当前位置:软件学习 > Word >>

hadoop平台运行WordCount程序

 1. 经典的WordCound程序(WordCount.java)
[java] view plaincopyprint?
import java.io.IOException; 
import java.util.ArrayList; 
import java.util.Iterator; 
import java.util.List; 
import java.util.StringTokenizer; 
 
import org.apache.hadoop.conf.Configuration; 
import org.apache.hadoop.conf.Configured; 
import org.apache.hadoop.fs.Path; 
import org.apache.hadoop.io.IntWritable; 
import org.apache.hadoop.io.LongWritable; 
import org.apache.hadoop.io.Text; 
import org.apache.hadoop.mapred.FileInputFormat; 
import org.apache.hadoop.mapred.FileOutputFormat; 
import org.apache.hadoop.mapred.JobClient; 
import org.apache.hadoop.mapred.JobConf; 
import org.apache.hadoop.mapred.MapReduceBase; 
import org.apache.hadoop.mapred.Mapper; 
import org.apache.hadoop.mapred.OutputCollector; 
import org.apache.hadoop.mapred.Reducer; 
import org.apache.hadoop.mapred.Reporter; 
import org.apache.hadoop.util.Tool; 
import org.apache.hadoop.util.ToolRunner; 
 
public class WordCount extends Configured implements Tool { 
 
    public static class MapClass extends MapReduceBase implements 
            Mapper<LongWritable, Text, Text, IntWritable> { 
 
        private final static IntWritable one = new IntWritable(1); 
        private Text word = new Text(); 
 
        public void map(LongWritable key, Text value, 
                OutputCollector<Text, IntWritable> output, Reporter reporter) 

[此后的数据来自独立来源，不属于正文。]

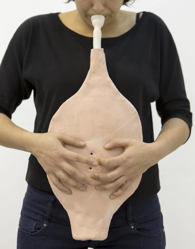 Her first exploration of sound came during a period studying in Geneva under the Erasmus programme, when she had to find a project for a ceramics workshop. Already an experienced trumpet player, she decided to create ceramics that could be played like instruments, and which would enhance the experience of those playing them, in particular by channelling vibrations. These ‘sound objects’ in fired clay included a horn that curved around so that its mouth pressed against the player’s stomach, directing the sound and vibration back into the body. Another doubled this experience, with interlocking horns for two people to play. Still, another had a bulging clay body that had to be played clutched in an embrace.

                throws IOException { 
            String line = value.toString(); 
            StringTokenizer itr = new StringTokenizer(line); 
            while (itr.hasMoreTokens()) { 
                word.set(itr.nextToken()); 
                output.collect(word, one); 
            } 
        } 
    } 
 
    /**
     * A reducer class that just emits the sum of the input values.
     */ 
    public static class Reduce extends MapReduceBase implements 
            Reducer<Text, IntWritable, Text, IntWritable> { 
 
        public void reduce(Text key, Iterator<IntWritable> values, 
                OutputCollector<Text, IntWritable> output, Reporter reporter) 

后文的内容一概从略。